As someone who paints houses professionally, I meet a lot of pets. I've realized that I slowly show scared pets that they can trust me over the course of a week or so by remaining very calm around them, avoiding intimidating eye contact, and even being overly vulnerable. All of that might sound super normal and obvious, but I'm going to briefly break it down.

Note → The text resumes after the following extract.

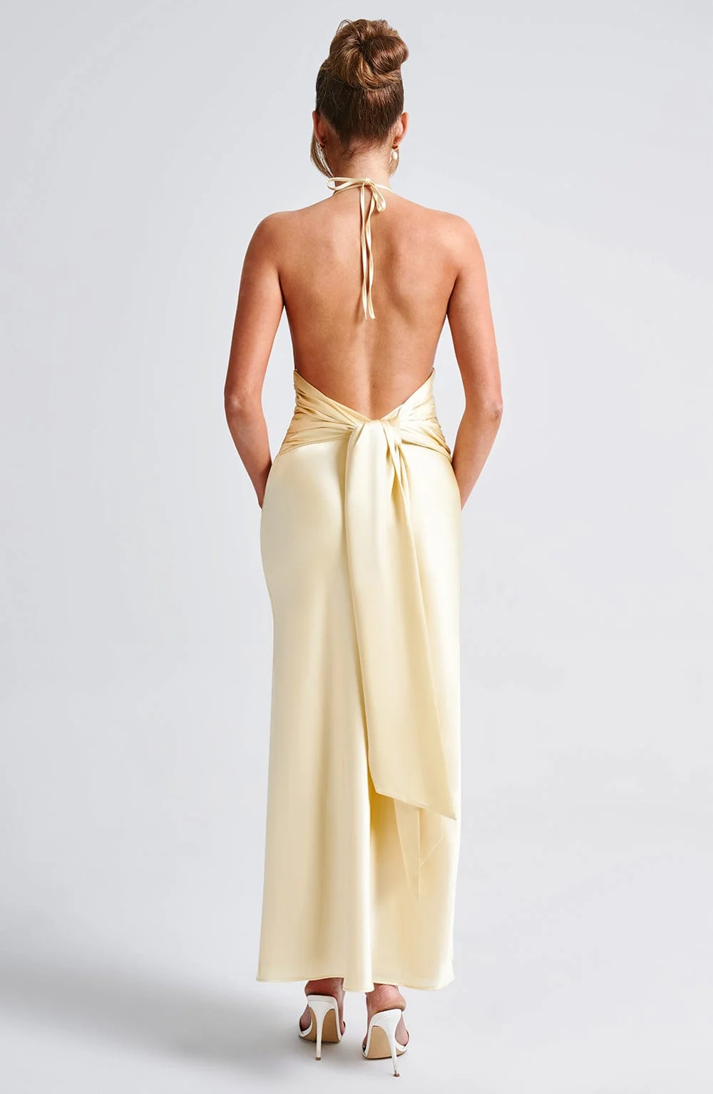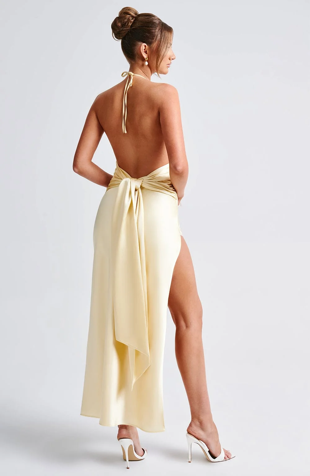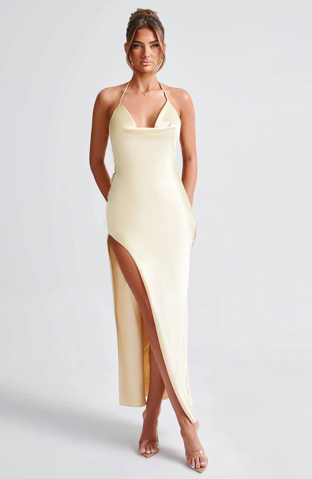 Elevate your evening with Kiandra Maxi Dress in Lemon. This formal evening gown features a cowl neckline, a low scoop back, and a thigh-high split, adding a dramatic touch to your look. Crafted from premium non-stretch satin, it glides over your figure effortlessly. Complete the ensemble with statement earrings and a glossy lip to captivate the crowd all night long. Indulge in luxury with this radiant Lemon Maxi Dress. Fully lined for comfort. Ideal for weddings, parties, formals, and special events. Available in sizes XS to XXL.

Day one the cat runs away and hides like its life depends on it. I don't react. Day two the cat sits still off to the side but runs away once I inevitably make my way to that side of the room. I completely ignore it again. Day three I catch the cat staring at me so I glance back briefly with relaxed eyes. The cat keeps looking at me so I face it and close my eyes, then slowly open them. The cat eventually moves away, but not in a panic. Day four the cat watches me walk through the door and stays put as I walk by. Ignoring the cat completely, I carry on working until I catch the cat staring again. This time I work my way to the cat's side of the room and approach from a low angle with a limp hand. I let it smell my hand, then I ignore the cat again. The cat hangs around. Day five the cat meets me at the door and I let it sniff my hand again. I hold my hand there longer this time and wait for the signature cat rub. It doesn't happen so I continue work and try again later. This time it works and I linger until the cat walks away. Day six the cat waits until we cross paths naturally and shows interest in getting my attention. I meet it with a limp hand and boom, made a new friend. 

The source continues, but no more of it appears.